The pope then passed this sentence upon him.
That he should be led by the executioner, naked to the middle, through the streets of Rome. That he should wear the image of the devil upon his head. That his breeches should be painted with the representation of flames. That he should have his right hand cut off. That after having been carried about thus in procession, he should be burnt.
When he heard this sentence pronounced, he implored God to give him strength and fortitude to go through it. As he passed through the streets he was greatly derided by the people, to whom he said some severe things respecting the Romish superstition. But a cardinal, who attended the procession, overhearing him, ordered him to be gagged.
When he came to the church door, where he trampled on the host, the hangman cut off his right hand, and fixed it on a pole. Then two tormentors, with flaming torches, scorched and burnt his flesh all the rest of the way. At the place of execution he kissed the chains that were to bind him to the stake. A monk presenting the figure of a saint to him, he struck it aside, and then being chained to the stake, fire was put to the fagots, and he was soon burnt to ashes.
A little after the last-mentioned execution, a venerable old man, who had long been a prisoner in the Inquisition, was condemned to be burnt, and brought out for execution. When he was fastened to the stake, a priest held a crucifix to him, on which he said, “If you do not take that idol from my sight, you will constrain me to spit upon it.” The priest rebuked him for this with great severity; but he bade him remember the First and Second Commandments, and refrain from idolatry, as God himself had commanded. He was then gagged, that he should not speak any more, and fire being put to the fagots, he suffered martyrdom in the flames.
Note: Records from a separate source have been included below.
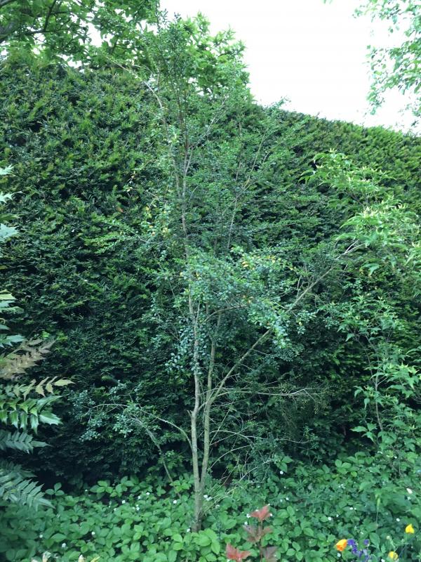 Ich denke, die Blattfarbe des Mispelersatzbaumes sollte eher hell sein, da direkt dahinter die Thujenwand der Nachbarn kommt - und ich habe keine Ahnung, wie hoch die dieses wachsen lassen wollen.
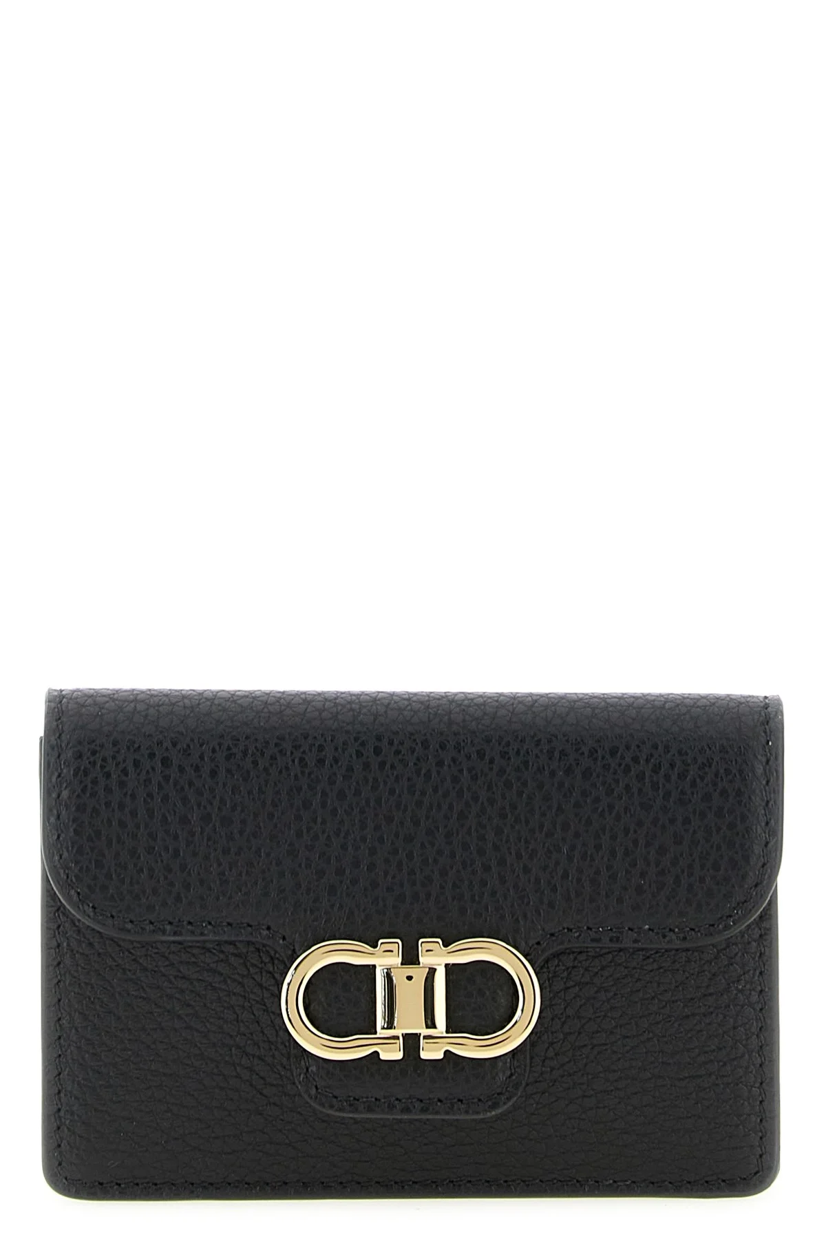cod. 785795NEROFLAMERED Hammered calf leather keyring, flap closure with snap button and front metal 'Gancini' logo detail, contrasting smooth leather lining, metal ring chain, back pocket. Color: Black Size & Fit: W 11 x H 8 x D 2 cm Composition: 100% calfskin leather (Bos Taurus) Made in: Italy
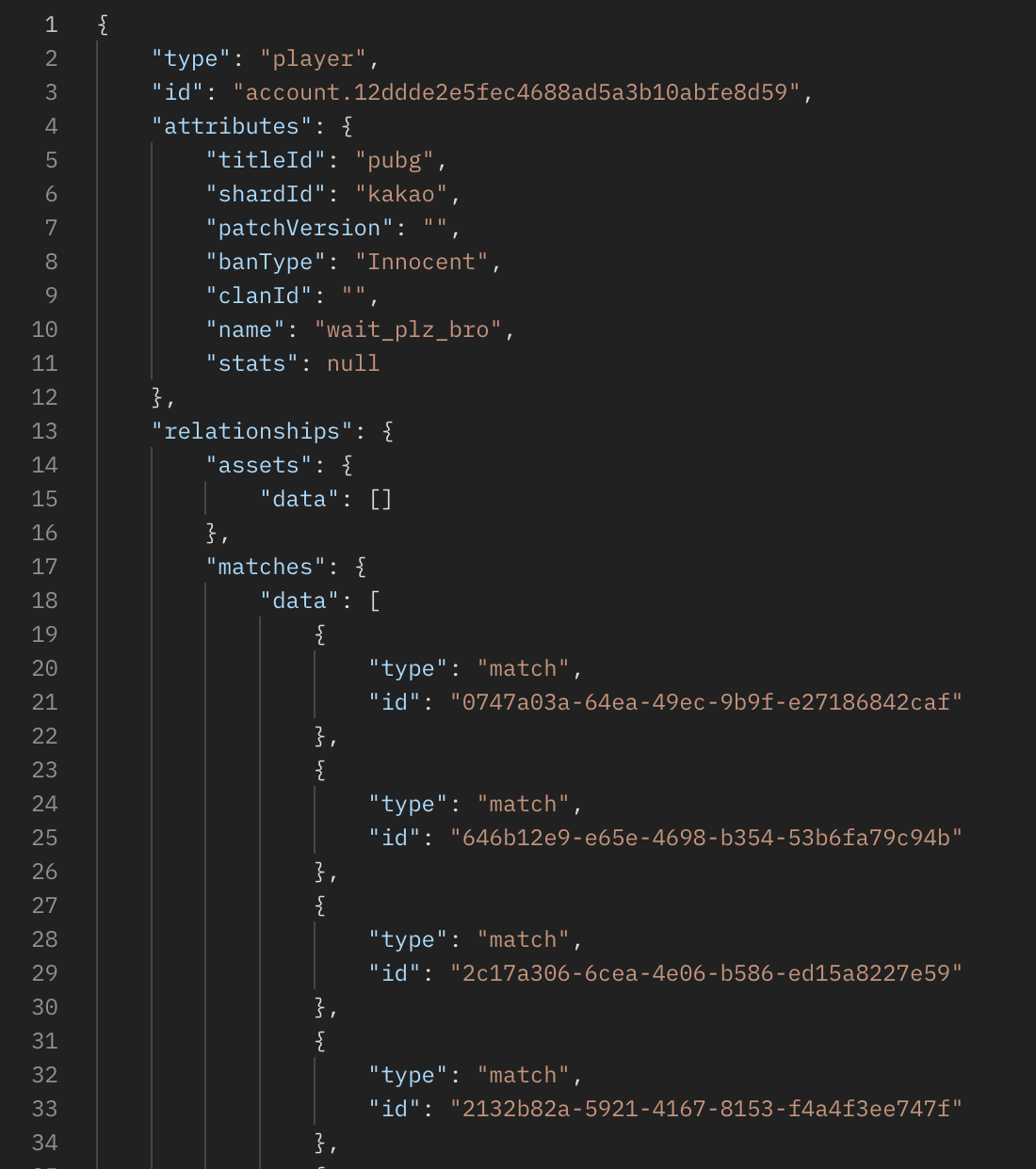 플레이어에 대한 스탯 정보를 검색하려면 저 id를 얻어야 한다.
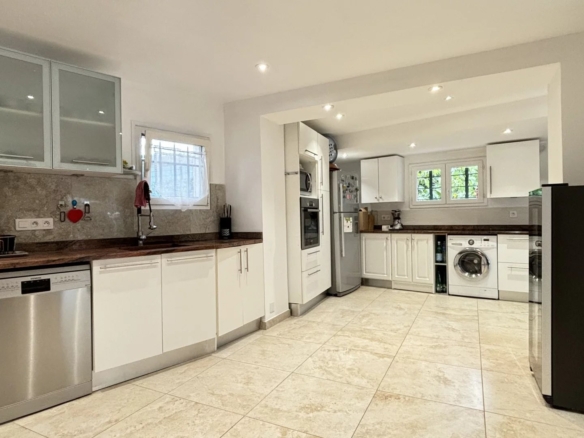 house of 230m2 completely redone, benefits in very large living room, with a dining room and a fully equipped kitchen, 5 bedrooms including a large bedroom of over 35m2, 3 bathrooms, and 3 toilets.

An Account of the Persecutions in the Marquisate of Saluces
The Marquisate of Saluces, on the south side of the valleys of Piedmont, was in A.D. 1561, principally inhabited by Protestants, when the marquis, who was proprietor of it, began a persecution against them at the instigation of the pope. He began by banishing the ministers, and if any of them refused to leave their flocks, they were sure to be imprisoned, and severely tortured; however, he did not proceed so far as to put any to death.
Soon after the marquisate fell into the possession of the duke of Savoy, who sent circular letters to all the towns and villages, that he expected the people should all conform to go to Mass. The inhabitants of Saluces, upon receiving this letter, returned a general epistle, in answer.
The duke, after reading the letter, did not interrupt the Protestants for some time; but, at length, he sent them word that they must either conform to the Mass, or leave his dominions in fifteen days. The Protestants, upon this unexpected edict, sent a deputy to the duke to obtain its revocation, or at least to have it moderated. But their remonstrances were in vain, and they were given to understand that the edict was absolute.
Some were weak anough to go to Mass, in order to avoid banishment, and preserve their property; others removed, with all their effects, to different countries; and many neglected the time so long that they were obliged to abandon all they were worth, and leave the marquisate in haste. Those, who unhappily stayed bheind, were seized, plundered, and put to death.